Task prompt:
Repeat the listing below line by line, exactly, leaving its pictures behind.

Dataset section:
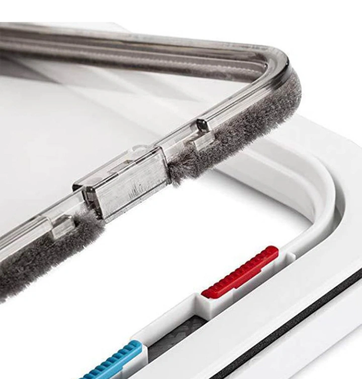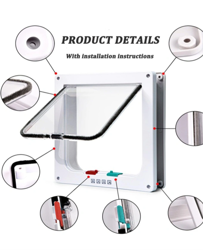 This pet door provides a convenient exit for your furry friend. It has a clear, hinged flap that is easy to open and close. It has a white plastic frame with lockable features. Perfect for cats and small dogs. XL
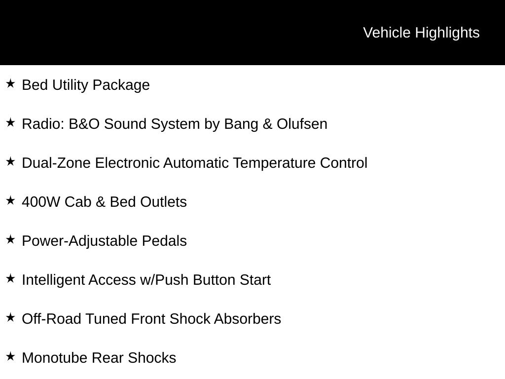 2025 Agate Black Metallic 2025 Ford F-150 XLT 4WD 3.5L PowerBoost Full-Hybrid V6 12" LCD Productivity Touchscreen, 5G WiFi Hotspot Telematics, Auto Emergency Braking, Auto LED Headlights, Backup Camera, Blind Spot Monitoring, BLIS w/ Cross Traffic Alert, Bluetooth w/ Audio Streaming, Lane Keeping System, Off Road Package, Parking Sensors, Power Sliding Rear Window, Premium Sound Package, Reverse Brake Assist, Reverse Sensing, Skid Plate Package, Tow Package, Trailer Package, Wireless Charging Pad, XLT Package, 4D SuperCrew, 3.5L PowerBoost Full-Hybrid V6, 10-Speed Automatic, 4WD, 360 Degree Camera, 4 Pickup Box Tie-Down Plates, 400W Cab & Bed Outlets, 4x4 FX4 Off-Road Bodyside Decal, 6" Angular Bright Anodized Step Bar, 6" Black Running Boards, Adaptive Cruise Control w/Stop & Go, Auto-Dimming Rear-View Mirror, Bed Utility Package, Black Exterior Badging, Black Grille, Black Painted Grille w/Chrome Center Bar, Body-Color Front & Rear Bumpers, Chrome Door & Tailgate Handles, Chrome Single-Tip Exhaust, Cloth 40/Console/40 Front Seats, Connected Navigation, Console Worksurface, Dark Interior Appliques, Driver State Detection, Dual-Zone Electronic Automatic Temperature Control, Electronic Locking w/3.73 Axle Ratio, Equipment Group 303A High, Evasive Steering Assist, Floor Shifter, Ford Co-Pilot360 Assist 2.0, Front Parking Sensors, FX4 Off-Road Package, Gray Box Side Decal, Heated Front Seats, Hill Descent Control, Intelligent Access w/Push Button Start, LED Box Lighting, Mobile Office Package, Monotube Rear Shocks, Off-Road Tuned Front Shock Absorbers, Partitioned Lockable Rear Storage, Power Glass Heated Sideview Mirrors, Power-Adjustable Pedals, Power-Sliding Rear Window, Radio: B&O Sound System by Bang & Olufsen, Remote Start System w/Remote Tailgate Release, Rock Crawl Mode, Tailgate Step w/Tailgate Work Surface, Towing Technology, Tray Style Floor Liner w/o Carpet Mats, Unique Sport Cloth 40/Console/40 Front-Seats, Wheels: 18" Gloss Black, Wheels: 20" Chrome-Like PVD, Wrapped Steering Wheel, XLT Black Appearance Package. Bed Utility Package (4 Pickup Box Tie-Down Plates, LED Box Lighting, and Tailgate Step w/Tailgate Work Surface), Equipment Group 303A High (360 Degree Camera, 400W Cab & Bed Outlets, 6" Angular Bright Anodized Step Bar, Adaptive Cruise Control w/Stop & Go, Auto-Dimming Rear-View Mirror, Black Painted Grille w/Chrome Center Bar, Chrome Door & Tailgate Handles, Chrome Single-Tip Exhaust, Connected Navigation, Driver State Detection, Dual-Zone Electronic Automatic Temperature Control, Evasive Steering Assist, Ford Co-Pilot360 Assist 2.0, Front Parking Sensors, Heated Front Seats, Intelligent Access w/Push Button Start, Power Glass Heated Sideview Mirrors, Power-Adjustable Pedals, Power-Sliding Rear Window, Radio: B&O Sound System by Bang & Olufsen, Remote Start System w/Remote Tailgate Release, Towing Technology, Wheels: 20" Chrome-Like PVD, and Wrapped Steering Wheel), FX4 Off-Road Package (4x4 FX4 Off-Road Bodyside Decal, Hill Descent Control, Monotube Rear Shocks, Off-Road Tuned Front Shock Absorbers, Rock Crawl Mode, and Tray Style Floor Liner w/o Carpet Mats), Mobile Office Package (Console Worksurface and Partitioned Lockable Rear Storage), XLT Black Appearance Package (6" Black Running Boards, Black Exterior Badging, Black Grille, Body-Color Front & Rear Bumpers, Dark Interior Appliques, Floor Shifter, Gray Box Side Decal, Unique Sport Cloth 40/Console/40 Front-Seats, and Wheels: 18" Gloss Black), 4D SuperCrew, 3.5L PowerBoost Full-Hybrid V6, 10-Speed Automatic, 4WD, Cloth 40/Console/40 Front Seats, Electronic Locking w/3.73 Axle Ratio, 4-Wheel Disc Brakes, 6 Speakers, ABS brakes, Air Conditioning, Alloy wheels, Auto High-beam Headlights, Brake assist, Bumpers: chrome, Chrome wheels, Cloth 40/20/40 Front Seat, Compass, Delay-off headlights, Driver door bin, Driver vanity mirror, Dual Price includes dealer added acce
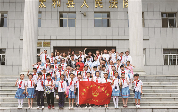 阳春三月,户外体验,走进良庄是小记者学做雷锋最好的体现,为小树浇浇水,松松土,他们不怕流汗;清明祭英烈,瞻仰烈士纪念馆,他们懂得了来之不易的幸福童年;顶着骄阳,迎着热浪,“法校共建”引领他们步入太和法院这座神圣的殿堂,把学法、懂法、守法的美德铭记心上;九九重阳,慰问老人,把尊老、敬老铭记心上;踩着飘飞的金黄落叶,走进消防队,学消防、懂消防、用消防,把防火安全铭记心上……
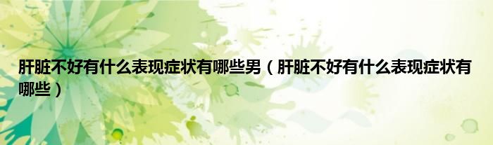 大家好,肝脏不好有什么表现症状有哪些男,肝脏不好有什么表现症状有哪些很多人还不知道,现在让我们一起来看看吧!

Expected output:
 This pet door provides a convenient exit for your furry friend. It has a clear, hinged flap that is easy to open and close. It has a white plastic frame with lockable features. Perfect for cats and small dogs. XL
 2025 Agate Black Metallic 2025 Ford F-150 XLT 4WD 3.5L PowerBoost Full-Hybrid V6 12" LCD Productivity Touchscreen, 5G WiFi Hotspot Telematics, Auto Emergency Braking, Auto LED Headlights, Backup Camera, Blind Spot Monitoring, BLIS w/ Cross Traffic Alert, Bluetooth w/ Audio Streaming, Lane Keeping System, Off Road Package, Parking Sensors, Power Sliding Rear Window, Premium Sound Package, Reverse Brake Assist, Reverse Sensing, Skid Plate Package, Tow Package, Trailer Package, Wireless Charging Pad, XLT Package, 4D SuperCrew, 3.5L PowerBoost Full-Hybrid V6, 10-Speed Automatic, 4WD, 360 Degree Camera, 4 Pickup Box Tie-Down Plates, 400W Cab & Bed Outlets, 4x4 FX4 Off-Road Bodyside Decal, 6" Angular Bright Anodized Step Bar, 6" Black Running Boards, Adaptive Cruise Control w/Stop & Go, Auto-Dimming Rear-View Mirror, Bed Utility Package, Black Exterior Badging, Black Grille, Black Painted Grille w/Chrome Center Bar, Body-Color Front & Rear Bumpers, Chrome Door & Tailgate Handles, Chrome Single-Tip Exhaust, Cloth 40/Console/40 Front Seats, Connected Navigation, Console Worksurface, Dark Interior Appliques, Driver State Detection, Dual-Zone Electronic Automatic Temperature Control, Electronic Locking w/3.73 Axle Ratio, Equipment Group 303A High, Evasive Steering Assist, Floor Shifter, Ford Co-Pilot360 Assist 2.0, Front Parking Sensors, FX4 Off-Road Package, Gray Box Side Decal, Heated Front Seats, Hill Descent Control, Intelligent Access w/Push Button Start, LED Box Lighting, Mobile Office Package, Monotube Rear Shocks, Off-Road Tuned Front Shock Absorbers, Partitioned Lockable Rear Storage, Power Glass Heated Sideview Mirrors, Power-Adjustable Pedals, Power-Sliding Rear Window, Radio: B&O Sound System by Bang & Olufsen, Remote Start System w/Remote Tailgate Release, Rock Crawl Mode, Tailgate Step w/Tailgate Work Surface, Towing Technology, Tray Style Floor Liner w/o Carpet Mats, Unique Sport Cloth 40/Console/40 Front-Seats, Wheels: 18" Gloss Black, Wheels: 20" Chrome-Like PVD, Wrapped Steering Wheel, XLT Black Appearance Package. Bed Utility Package (4 Pickup Box Tie-Down Plates, LED Box Lighting, and Tailgate Step w/Tailgate Work Surface), Equipment Group 303A High (360 Degree Camera, 400W Cab & Bed Outlets, 6" Angular Bright Anodized Step Bar, Adaptive Cruise Control w/Stop & Go, Auto-Dimming Rear-View Mirror, Black Painted Grille w/Chrome Center Bar, Chrome Door & Tailgate Handles, Chrome Single-Tip Exhaust, Connected Navigation, Driver State Detection, Dual-Zone Electronic Automatic Temperature Control, Evasive Steering Assist, Ford Co-Pilot360 Assist 2.0, Front Parking Sensors, Heated Front Seats, Intelligent Access w/Push Button Start, Power Glass Heated Sideview Mirrors, Power-Adjustable Pedals, Power-Sliding Rear Window, Radio: B&O Sound System by Bang & Olufsen, Remote Start System w/Remote Tailgate Release, Towing Technology, Wheels: 20" Chrome-Like PVD, and Wrapped Steering Wheel), FX4 Off-Road Package (4x4 FX4 Off-Road Bodyside Decal, Hill Descent Control, Monotube Rear Shocks, Off-Road Tuned Front Shock Absorbers, Rock Crawl Mode, and Tray Style Floor Liner w/o Carpet Mats), Mobile Office Package (Console Worksurface and Partitioned Lockable Rear Storage), XLT Black Appearance Package (6" Black Running Boards, Black Exterior Badging, Black Grille, Body-Color Front & Rear Bumpers, Dark Interior Appliques, Floor Shifter, Gray Box Side Decal, Unique Sport Cloth 40/Console/40 Front-Seats, and Wheels: 18" Gloss Black), 4D SuperCrew, 3.5L PowerBoost Full-Hybrid V6, 10-Speed Automatic, 4WD, Cloth 40/Console/40 Front Seats, Electronic Locking w/3.73 Axle Ratio, 4-Wheel Disc Brakes, 6 Speakers, ABS brakes, Air Conditioning, Alloy wheels, Auto High-beam Headlights, Brake assist, Bumpers: chrome, Chrome wheels, Cloth 40/20/40 Front Seat, Compass, Delay-off headlights, Driver door bin, Driver vanity mirror, Dual Price includes dealer added acce
 阳春三月,户外体验,走进良庄是小记者学做雷锋最好的体现,为小树浇浇水,松松土,他们不怕流汗;清明祭英烈,瞻仰烈士纪念馆,他们懂得了来之不易的幸福童年;顶着骄阳,迎着热浪,“法校共建”引领他们步入太和法院这座神圣的殿堂,把学法、懂法、守法的美德铭记心上;九九重阳,慰问老人,把尊老、敬老铭记心上;踩着飘飞的金黄落叶,走进消防队,学消防、懂消防、用消防,把防火安全铭记心上……
 大家好,肝脏不好有什么表现症状有哪些男,肝脏不好有什么表现症状有哪些很多人还不知道,现在让我们一起来看看吧!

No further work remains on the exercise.